Sid in his law office where he sits when meeting with clients. Observant eyes will notice the statuette of one of Sid's favorite Democrats.

Monday, June 08, 2015

Hillary Clinton Traces Friendly Path, Troubling Party - Already, it is causing consternation among Democrats in conservative states that could be given short shrift by her campaign or bypassed altogether. Her advisors believe the so-called Obama coalition of young, nonwhite and female voters is transferable to another Democrat.
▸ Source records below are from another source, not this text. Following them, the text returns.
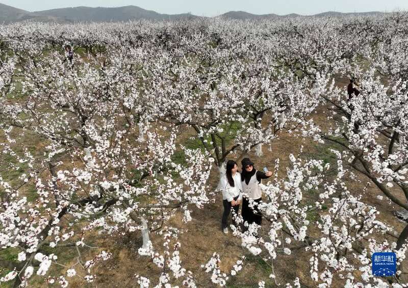3月10日,湖北省襄阳市襄城区尹集乡肖冲村杏花开满枝头,游人在杏花下游玩拍照(无人机照片)。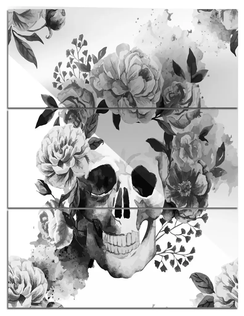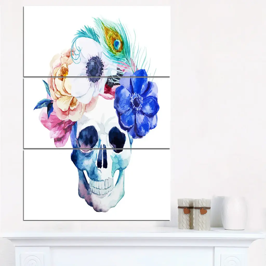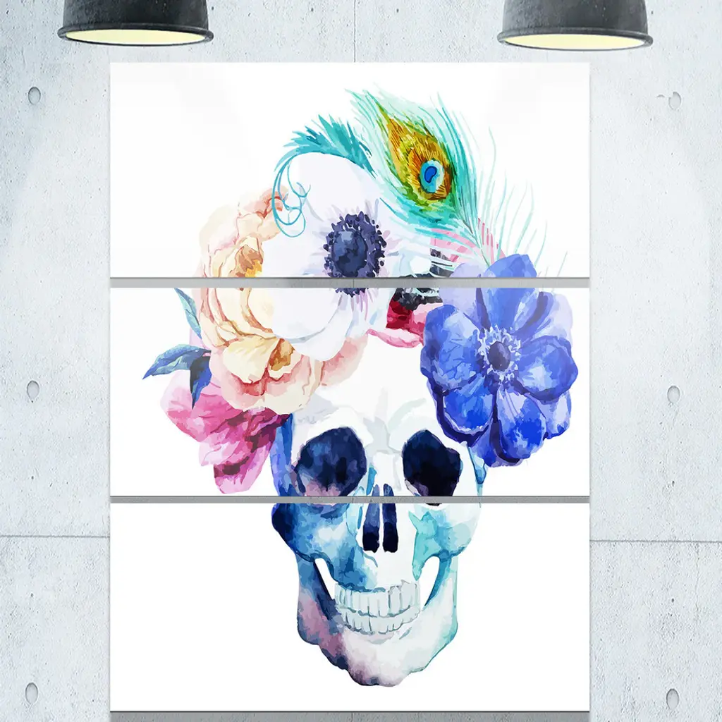 "Anemones And Skull" Digital Glossy Metal Wall Art, 3 Panels, 28"x36"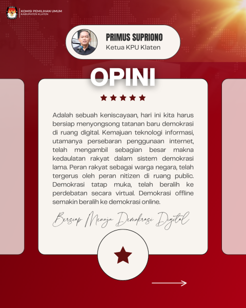 SURAT SUARA TIDAK SAH PILKADA, SALAH SIAPA? Oleh Primus Supriono*) Hingga hari ini, demokrasi diyakini sebagai bentuk pemerintahan negara yang paling ideal untuk mewujudkan kedaulatan, keadilan, dan kesejahteraan rakyat. Bentuk pemerintahan negara demokrasi dianut secara luas hampir meliputi semua negara di dunia termasuk Indonesia. Menurut Freedom House (2009), saat ini tidak kurang dari 123 negara demokrasi elektoral di dunia. Terselenggaranya Pemilu dan Pilkada merupakan ciri utama negara demokrasi. Kita memang pantas bangga, Indonesia menjadi negara demokrasi terbesar ketiga di dunia di bawah India dan Amerika Serikat. Sejak 1955 Indonesia telah menyelenggarakan 13 kali Pemilu, dan sejak 2005 telah menyelenggarakan Pilkada secara langsung. Namun demikian, terselenggaranya Pemilu dan Pilkada yang teratur dan terus-menerus itu haruslah selalu dievaluasi untuk meningkatkan kualitas demokrasi demi menjamin terwujudnya kedaulatan, keadilan, dan kesejahteraan rakyat sebagaimana dimaksud melalui demokrasi. Bersama dengan 37 provinsi, 415 kabupaten, dan 93 kota seluruh Indonesia, KPU Kabupaten Klaten menyelenggarakan Pilkada Serentak Tahun 2024. Pada Pilkada Klaten itu diikuti oleh tiga pasangan calon. Paslon Bupati dan Wakil Bupati nomor urut 1 H. Yoga Hardaya, SH, MH dan Hj. Sova Marwati, SS, paslon nomor urut 2 Drs. W. Herry Wibowo, MH dan Wahyu Adhi Dermawan, S.Sos, MM, serta paslon nomor urut 3 Hamenang Wajar Ismoyo, SI.Kom dan H. Benny Indra Ardhianto, SE, MBA. Dengan mengusung semangat Pilkada inklusif, tingkat partisipasi pemilih pada Pilkada Klaten 2024 sebesar 81,64 persen (794.392 orang). Dari jumlah pengguna hak pilih tersebut terdapat suara tidak sah sebesar 5,5 persen (43.655 orang). Selama cara pemilihan masih dilakukan secara manual atau dengan cara mencoblos (baca: bukan dengan cara e-voting), maka surat suara tidak sah adalah gejala yang tidak dapat dihindarkan. Namun demikian, terlepas wajar atau tidaknya angka surat suara tidak sah itu, hendaklah dilakukan analisis guna mengungkap faktor penyebabnya, dan siapa yang paling bertanggung jawab. Dan yang terpenting, dari analisis ini dapat digunakan untuk memperbaiki kualitas demokrasi pada pelaksanaan Pilkada yang akan datang. Kriteria Surat Suara Tidak Sah Ada tujuh kriteria surat suara tidak sah. Pertama, surat suara yang ketiga paslon dicoblos semua sebesar 71,41 persen (31.174 orang). Kedua, surat suara yang ketiga paslon tidak dicoblos semua sebesar 18,24 persen (7.964 orang). Ketiga, surat suara yang dicoblos lebih dari satu sebesar 4,88 persen (2.130 orang). Keempat, surat suara yang dicoblos di luar kotak sebesar 3,22 persen (1.404 orang). Kelima, surat suara yang diberi tanda dengan cara dibakar sebesar 0,5 persen (219 orang). Keenam, surat suara yang diberi coretan atau tulisan sebesar 0,13 persen (55 orang). Dan ketujuh, surat suara yang diberi tempelan berupa stiker atau tanda tidak sah lainnya sebesar 1,52 persen (709 orang). Ada faktor teknis dan nonteknis yang menyebabkan terjadinya surat suara tidak sah. Faktor teknis antara lain kerumitan tata cara mencoblos dan desain surat suara, serta kurang baiknya kualitas bahan surat suara yang digunakan. Tata cara mencoblos yang kurang sederhana bagi kelompok pemilih rentan atau berkebutuhan khusus dapat menyebabkan terjadinya surat suara tidak sah. Desain surat suara yang terlalu kecil dengan warna-warna yang kurang kontras, memperbesar potensi surat suara tidak sah. Sementara itu, kualitas bahan yang kurang tebal dan kuat pada surat suara dapat menyebabkan surat suara rusak atau salah coblos. Berdasarkan kriteria tersebut, faktor teknis yang menyebabkan surat suara tidak sah memang kecil, yaitu hanya sebesar 3,22 persen (1.404 orang). Surat suara yang dicoblos di luar kotak kemungkinan terjadi pada kelompok pemilih disabilitas, lanjut usia, dan pemilih rentan lainnya. Hal ini bisa jadi karena kurang dan lemahnya metode sosialisasi cara menggunakan hak pilih dari penyelenggara Pilkada. Kurangnya pendampingan pemilih rentan dari keluarga dan komunitas dapat memperbesar terjadinya surat suara tidak sah. Angka surat suara tidak sah terbesar lebih disebabkan oleh faktor nonteknis. Sebesar 96,78 persen surat suara tidak sah (42.249 orang) disebabkan oleh faktor nonteknis seperti semua dicoblos, semua tidak dicoblos, dicoblos lebih dari satu, dicoblos dengan cara dibakar, serta diberi coretan dan stiker atau tanda tertentu. Surat suara tidak sah karena faktor nonteknis itu bisa dibaca sebagai bentuk protes para pemilih untuk mengekspresikan sikap politiknya atas paslon yang ada atau proses politik yang menyertainya. Faktor nonteknis lain yang menyebabkan terjadinya surat suara tidak sah bisa jadi akibat kurangnya kesadaran dan literasi politik para pemilih tertentu yang terjadi selama ini. Selain itu, adanya pengaruh pihak-pihak tertentu yang menyebabkan sebagian pemilih melakukan tindakan yang mengakibatkan surat suara tidak sah. Paslon yang tidak dikenali dengan baik oleh pemilih, serta visi misi dan program kerja yang kurang menjawab tantangan strategis dan kebutuhan riil masyarakat barangkali menjadi faktor utama terjadinya surat suara tidak sah. Apatisme, kebosanan, dan kurangnya literasi tentang pentingnya partisipasi politik melalui penggunaan hak pilih pada Pilkada turut memperbesar surat suara tidak sah. Catatan dan Rekomendasi Ada beberapa catatan dan rekomendasi untuk mengurangi kecenderungan surat suara tidak sah pada Pilkada yang akan datang. Secara teknis, kualitas kertas surat suara yang digunakan perlu semakin ditingkatkan baik ketebalan maupun kekuatannya. Hal ini dimaksudkan agar surat suara tidak mudah rusak atau tercoblos oleh kuku, cincin, dan sebagainya. Ukuran surat suara perlu diperbesar dengan lipatan yang sederhana. Hal ini agar pemilih, terutama pemilih rentan mudah menggunakan hak pilihnya. Desain surat suara juga perlu diperbaiki baik dari sisi ukuran huruf, kerumitan, maupun penggunaan warnanya. Hal ini dimaksudkan agar pemilih lebih mudah meng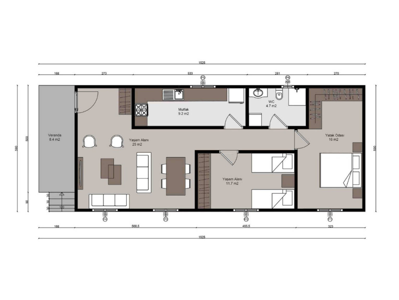 Toplam 90 m² kullanım alanına sahip olan bu çelik ev, fonksiyonel bir 2+1 plan düzenine sahiptir. Yapının merkezinde yer alan geniş yaşam alanı, birlikte yaklaşık 25 m² büyüklüğe sahiptir ve gün ışığını maksimum seviyede alacak biçimde konumlandırılmıştır. Bu alan, aile bireylerinin bir arada vakit geçirebileceği ferah ve rahat bir ortam sunar. Yaklaşık 9,2 m² olarak planlanmış, hem kullanım kolaylığı hem de alan verimliliği sağlanmıştır.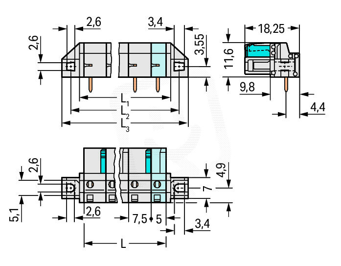 Pružinová svorkovnice THT úhlová 7,5 mm šedá 3pól. WAGO 722-833/031-000
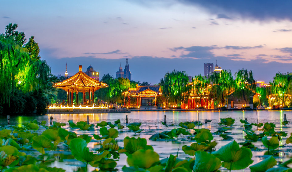 白天的大明湖,萬般風(fēng)情盡在不言之中,但到了夜晚,太陽落下柳梢的時候,大明湖才開始展現(xiàn)它別有情趣的另一面!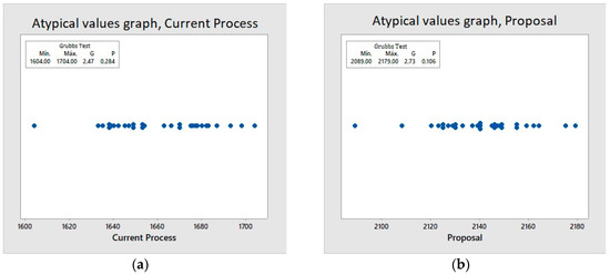 First, a Kolmogorov-Smirnov test was applied to evaluate if the data can be reasonably approximated by a normal distribution before applying the Grubbs test. It was concluded that both the data of the current process and those of the proposal have a normal distribution because the value is greater than the value of . Then, the Grubbs test was made (see Figure 11).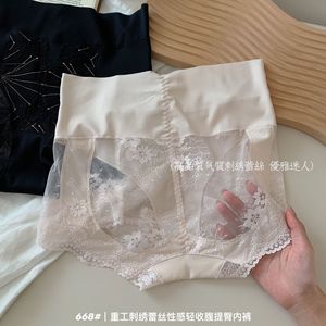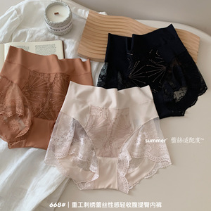 刺绣贵妇提拉高腰收腹弹力贴合轻薄提臀桑蚕丝裆部高品女生三角裤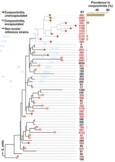 Phylogenetic tree of conjunctivitis strains of S. pneumoniae based on multilocus sequence typing, constructed using the phylogeny software PhyML [115]. An associated bar graph demonstrates the percentage prevalence in 271 sequenced strains from the US. The analysis of single nucleotide polymorphisms within these strains demonstrated that the overwhelming majority of nonencapsulated conjunctivitis strains localized to a distinct phylogenetic cluster. Reprinted with author permission [10].
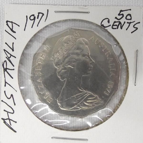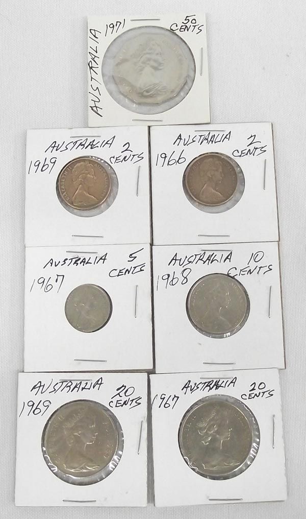 Seven Australian Coins. 1)One 50 cent coin, 1971 2)Two 20 cent coins, 1967 and 1969 3)10 cent coin 1968 4)One 5 cent coin 1967 5)Two 2 cent coins, 1966 & 1969.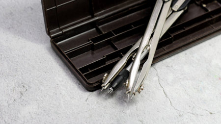 Compass technical drawing instrument that used for inscribing circles or arcs on paper - selective focus on pencil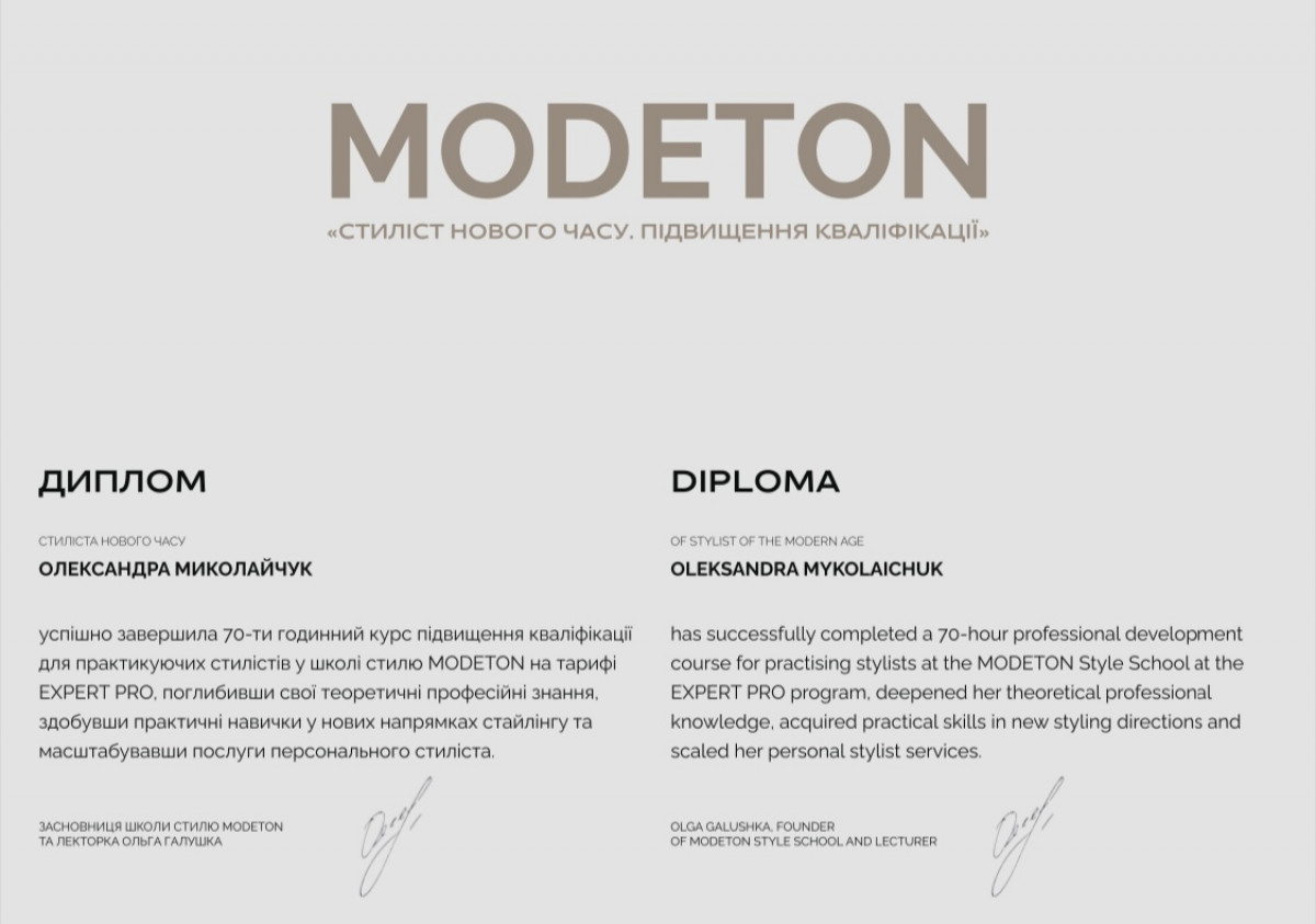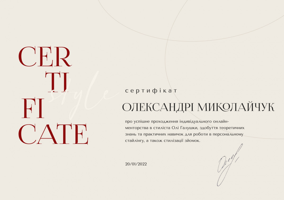 Вітаю! Мене звати Олександра Миколайчук і я пропагую SMART-підхід до створення власного стилю та гардеробу, охоплюючи такі аспекти, як самовираження, комбінаторика речей, автентичність, раціональність, експерименти та "фішки".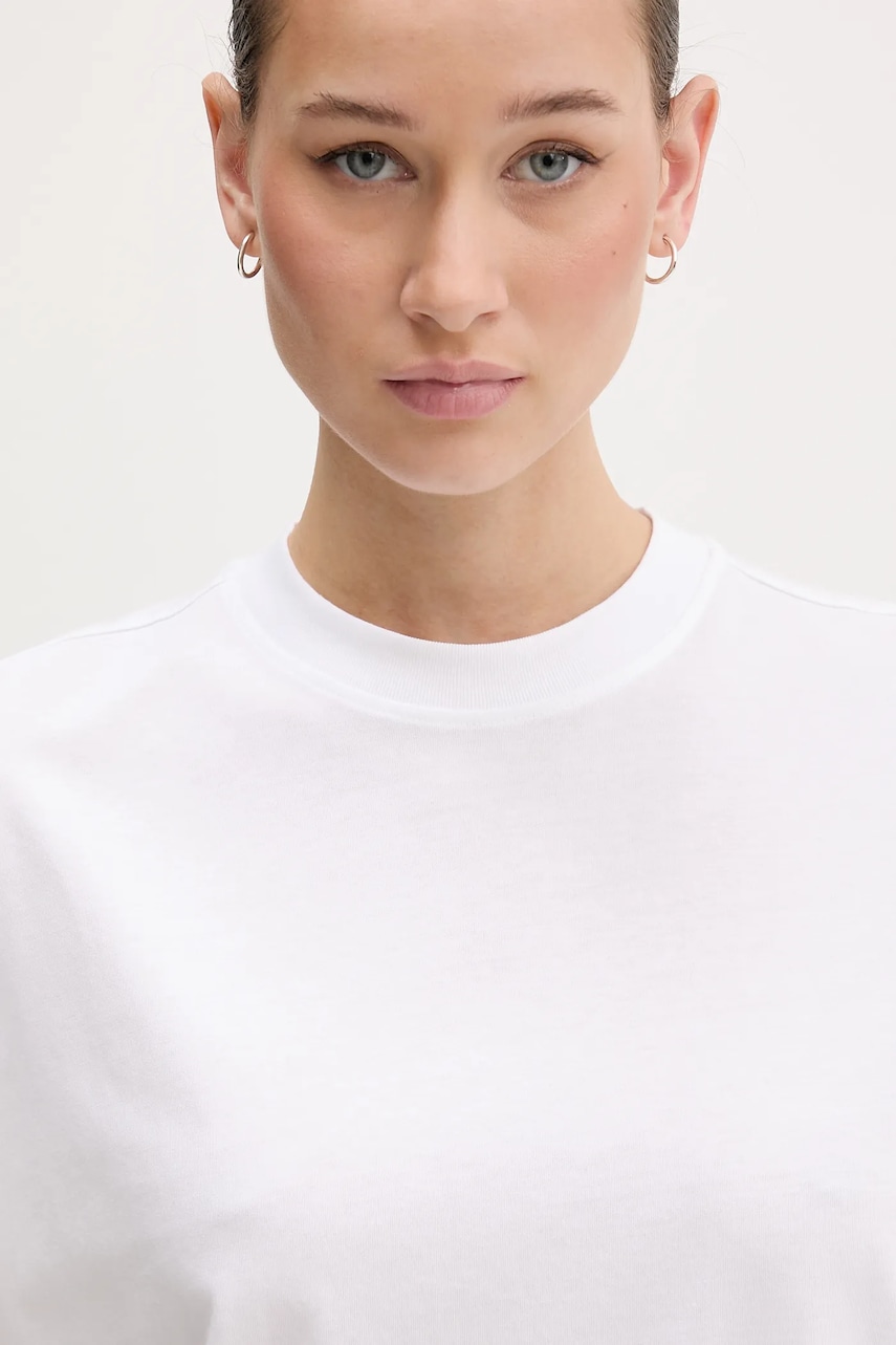 - Bawełna organiczna uprawiana jest bez użycia niebezpiecznych dla zdrowia substancji chemicznych, chemicznych środków szkodnikobójczych czy nawozów sztucznych. - Luźny krój zapewniający pełną swobodę ruchów. - Krótki rękaw. - Krój rękawa z obniżoną linią ramion nie ogranicza mobilności. - Klasyczny, okrągły dekolt. - Model bez podszewki. - Długość: 90 cm. - Szerokość pod pachami: 52 cm. - Wymiary podane dla rozmiaru: S.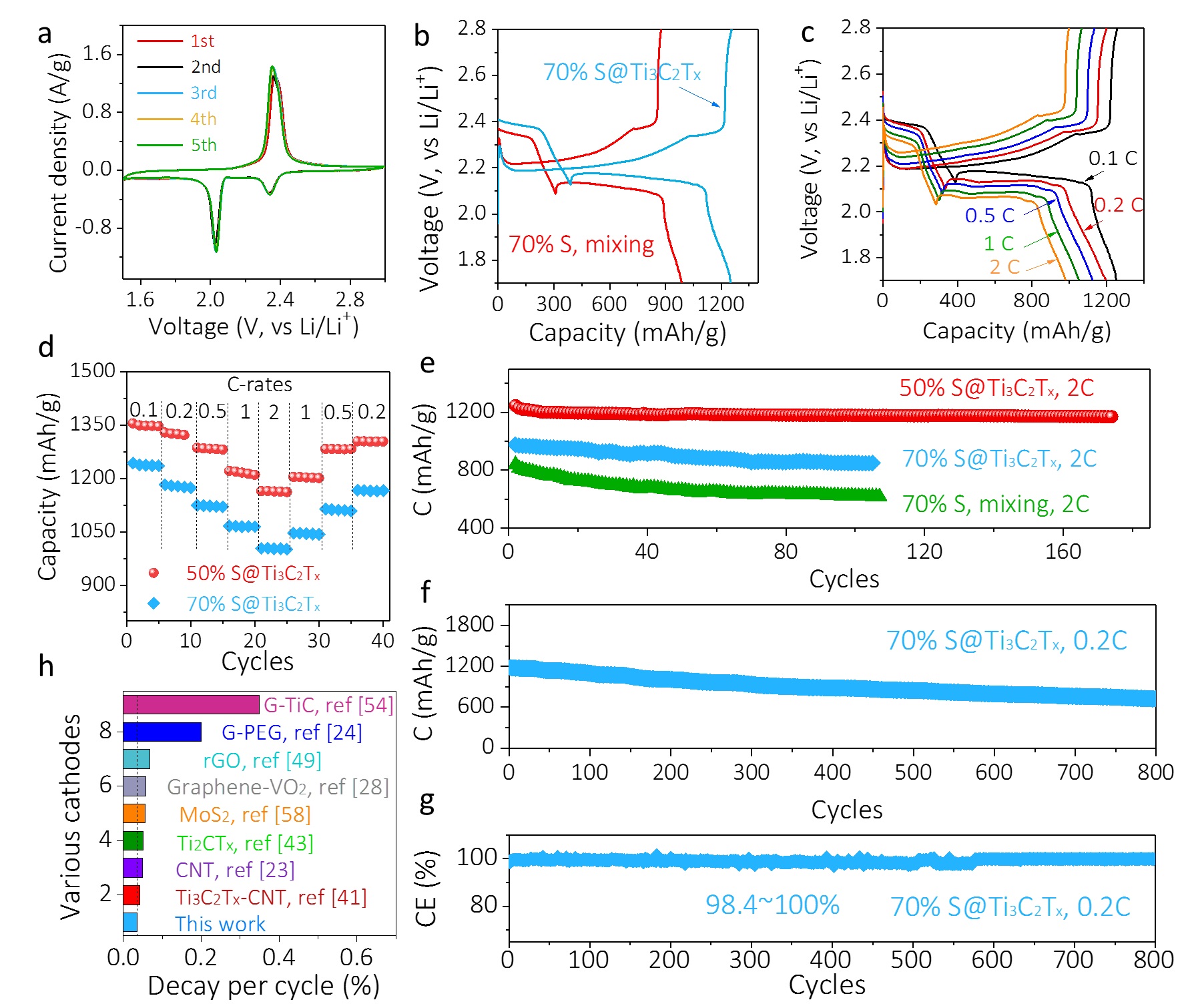 兼具优异电化学性能和出色机械性能的柔性电极是柔性储能器件开发的关键。锂硫(Li-S)电池被认为是最有可能的下一代高能量密度二次电池,但单质硫的绝缘特性和多硫化锂(Li2Sx)的穿梭效应严重限制了其未来的应用。以Ti3C2Tx为代表的MXene是一类新的二维过渡族金属碳(氮)化物家族,具有优异导电性、强极性和独特表面化学环境,是作为Li-S电池正极活性物质硫的载体用于构筑长寿命、高能量、超柔性复合正极的新型理想材料。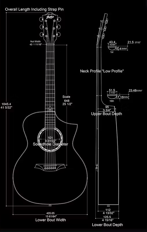 - Mástil: Caoba con 2 tiras de refuerzo de ébano Amara
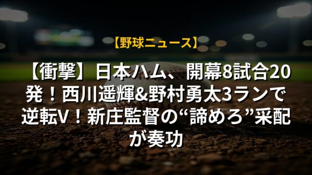 【衝撃】日本ハム、開幕8試合20発!西川遥輝&野村勇太3ランで逆転V!新庄監督の“諦めろ”采配が奏功

Bill Clinton, then the Democratic nominee for president, greeted supporters in 1992 in Carrollton, Ky. His road to the White House took him through many Southern and border states, where he won the support of swing voters.

From The New York Times:

WASHINGTON — Hillary Rodham Clinton appears to be dispensing with the nationwide electoral strategy that won her husband two terms in the White House and brought white working-class voters and great stretches of what is now red-state America back to Democrats.
 
Instead, she is poised to retrace Barack Obama’s far narrower path to the presidency: a campaign focused more on mobilizing supporters in the Great Lakes states and in parts of the West and South than on persuading undecided voters.
 
Mrs. Clinton’s aides say it is the only way to win in an era of heightened polarization, when a declining pool of voters is truly up for grabs. Her liberal policy positions, they say, will fire up Democrats, a less difficult task than trying to win over independents in more hostile territory — even though a broader strategy could help lift the party with her.
This early in the campaign, however, forgoing a determined outreach effort to all 50 states, or even most of them, could mean missing out on the kind of spirited conversation that can be a unifying feature of a presidential election. And it could leave Mrs. Clinton, if she wins, with the same difficulties Mr. Obama has faced in governing with a Republican-controlled Congress.
 
Already, it is causing consternation among Democrats in conservative states that could be given short shrift by her campaign or bypassed altogether.
 
When Bill Clinton reclaimed the presidency for Democrats in 1992, his road to the White House ran through Southern and Southern-border states filled with what were then a precious commodity: swing voters.
 
Twenty years later, Mr. Obama convincingly won a second term without competing in states like Kentucky, Louisiana, Tennessee or West Virginia that powered Mr. Clinton. And because of his strong appeal among liberals, Mr. Obama did so even while losing among independent voters.
As Mrs. Clinton intensifies her campaign for the Democratic nomination, it is clear from her left-leaning policy stances, her hiring and her focus on data-driven organizing that her strategy is modeled on Mr. Obama’s, not her husband’s.
 
To the architects of the Obama strategy, Mrs. Clinton’s approach is not mere homage: It is unavoidable, given that there are few genuine independents now and that technology increasingly lets campaigns pinpoint their most likely voters.
 
“If you run a campaign trying to appeal to 60 to 70 percent of the electorate, you’re not going to run a very compelling campaign for the voters you need,” said David Plouffe, a top Obama strategist who has consulted informally with Mrs. Clinton.
 
Mrs. Clinton has said repeatedly that she does not want a lonely victory in 2016; she wants to elect Democrats down the ballot. A group of her senior aides met recently with officials at the Democratic House, Senate and governor campaign arms to brief them on the aides’ research and plans for her message and organization. And Senate Democrats are hopeful that she will lift their prospects, because there is considerable overlap in crucial states: The results in Colorado, Florida, Nevada, New Hampshire, North Carolina, Ohio and Wisconsin will almost certainly determine both who wins the White House and which party controls the Senate.